It all really depends on the context. If you're just gonna create a utility class that only contains single responsibility, and is only used privately inside a module or a layer. Then you're still good with it.
I agree with some of the other responses here that it is the classic singleton which maintains a single instance of a stateful object which is to be avoided and not necessarily utility classes with no state that are evil. I also agree with Reed, that if at all possible, put these utility methods in a class where it makes sense to do so and where one would logically suspect such methods would reside. I would add, that often these static utility methods might be good candidates for extension methods.
I really, really try to avoid them, but who are we kidding... they creep into every system. Nevertheless, in the example given I would use a URL object which would then expose various attributes of the URL (protocol, domain, path and query-string parameters). Nearly every time I want to create a utility class of statics, I can get more value by creating an object that does this kind of work.
In a similar way I have created a lot of custom controls that have built in validation for things like percentages, currency, phone numbers and the like. Prior to doing this I had a Parser utility class that had all of these rules, but it makes it so much cleaner to just drop a control on the page that already knows the basic rules (and thus requires only business logic validation to be added).
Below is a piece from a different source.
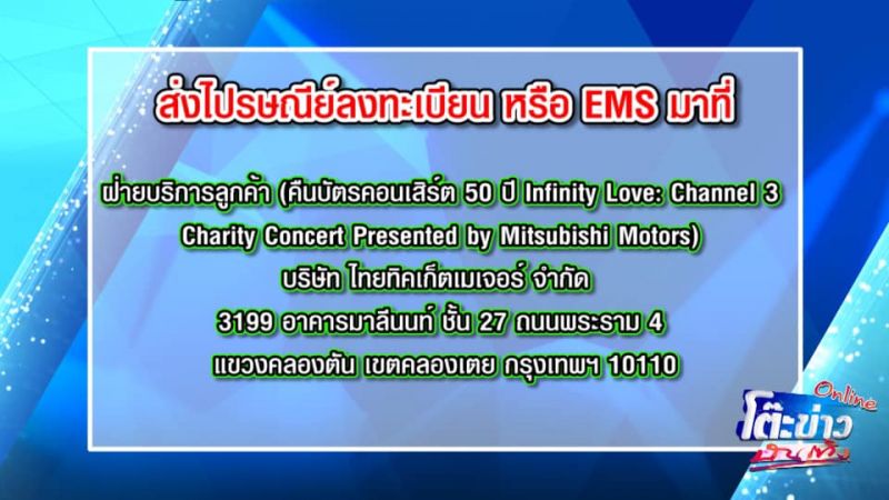 เนื่องด้วยสถานการณ์การแพร่ระบาดเพิ่มขึ้นทั่วโลกของเชื้อไวรัสโคโรน่าCOVID-19 ทางสถานีโทรทัศน์ไทยทีวีสีช่อง 3 จึงเล็งเห็นและคำนึกถึงความปลอดภัยของสุขภาพ ทั้งตัวผู้ชม แฟนๆ และศิลปินดารา ช่อง 3 รวมถึงทีมงานผู้ที่มีส่วนเกี่ยวข้อง จึงจำเป็นอย่างยิ่งที่ต้องขอประกาศเลื่อนคอนเสิร์ต 50 ปี Infinity Love: Channel 3 Charity Concert Presented by Mitsubishi Motorsเพื่อลดอัตราความเสี่ยงรวมถึงการแพร่ระบาดไวรัส COVID-19 โดยจะเลื่อน จากเดิม วันเสาร์ที่ 16 พฤษภาคม 2563 เป็น วันเสาร์ที่ 30 มกราคม 2564 ณ อิมแพคอารีน่า เมืองทองธานี

I still keep the parser utility class and these controls hide that static class, but use it extensively (keeping all the parsing in one easy to find place). In that regard I consider it acceptable to have the utility class because it allows me to apply "Don't Repeat Yourself", while I get the benefit of instanced classes with the controls or other objects that use the utilities.
Utility classes used in this way are basically namespaces for what would otherwise be (pure) top-level functions.
From an architectural perspective there is no difference if you use pure top-level "global" functions or basic (*) pure static methods. Any pros or cons of one would equally apply to the other.
Static methods vs global functions
The main argument for using utility classes over global ("floating") functions is code organization, file and directory structure, and naming:
You might already have a convention for structuring class files in directories by namespace, but you might not have a good convention for top-level functions.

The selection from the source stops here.